The fight against fuel theft is fundamentally different from the fight against the illegal drug trade. Trying to force people to stop producing, selling and taking drugs has proved a losing battle in most of the world. In contrast, most countries manage to stop their oil pipelines from being savaged with a basic rule of law.

The rise of huachicoleros in the last decade illustrates how Mexico’s rule of law has been shattered. And with that, democracy in much of the country has been under assault, with city mayors being controlled or attacked by criminals; journalists harassed and murdered; and community activists targeted. Fuel-theft gangs are suspected in various crimes against journalists, including the reporter Daniel Blancas being held at gunpoint in January.

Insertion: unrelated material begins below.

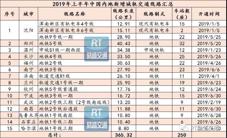 2019年上半年中国内地新增城轨交通线路详情全览
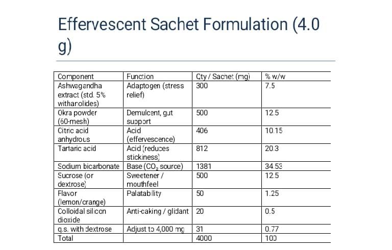 Ashwagandha and okra effervescent granules were developed in response to the increased need for safe, natural, and easy-to-use supplements.

I first heard the term huachicoleros back in 2011, when I went to the state of Puebla to write about them. I found it incredible when I saw a pipeline they had drilled two holes into, one to suck the gasoline out and one to pump water in to keep the pressure up. Former oil workers are often involved in these more sophisticated taps. I also saw a charred neighborhood back then, where a gasoline spill believed to be from a robbery caused a fire that tore through homes, killing as many as 30 people.

With some 700 similar taps detected across Mexico in 2010, I was amazed that the government was not clamping down. By 2018, the number had risen to over 14,000 in the course of the year.

It is especially telling that this criminal growth happened under President Enrique Peña Nieto. One of his major reforms was to open Mexico’s oil sector to foreign private investment, a move that was praised by the financial press, and one that he said would be a motor for the nation’s growth. But at the same time, Mr. Peña Nieto ruled over an incredible plundering of Mexico’s black gold and had no solid plan or political will to try and stop it.

Born in the oil-rich state of Tabasco, Mr. López Obrador is more cautious about the role of the foreign private sector, leading to criticism from some investors. Ratings agencies have also hit Mexico since he took power, including cutting the credit rating of Pemex. But unlike his predecessors, Mr. López Obrador is making a solid and sustained effort to stop the fuel from being stolen on a vast scale.

Of course, the fight against huachicoleros should not all be by the police. Targeted investment is needed in poor communities where people turn to crime amid a lack of opportunities. Focused social work can help steer teenagers from being recruited into the sprawling gangs.

But law enforcement is certainly a central part of it. Mexico is overwhelmed by high levels of criminal activity of many different kinds, and the police need to prioritize which offenses to go after. Fuel theft is one of those worth prioritizing, a crime that the government should be able to actually succeed in reducing. If Mr. López Obrador follows through with his crackdown, 2019 could be the first year in over a decade in which the number of illegal taps goes down instead of up.

Mr. Grillo is a contributing opinion writer.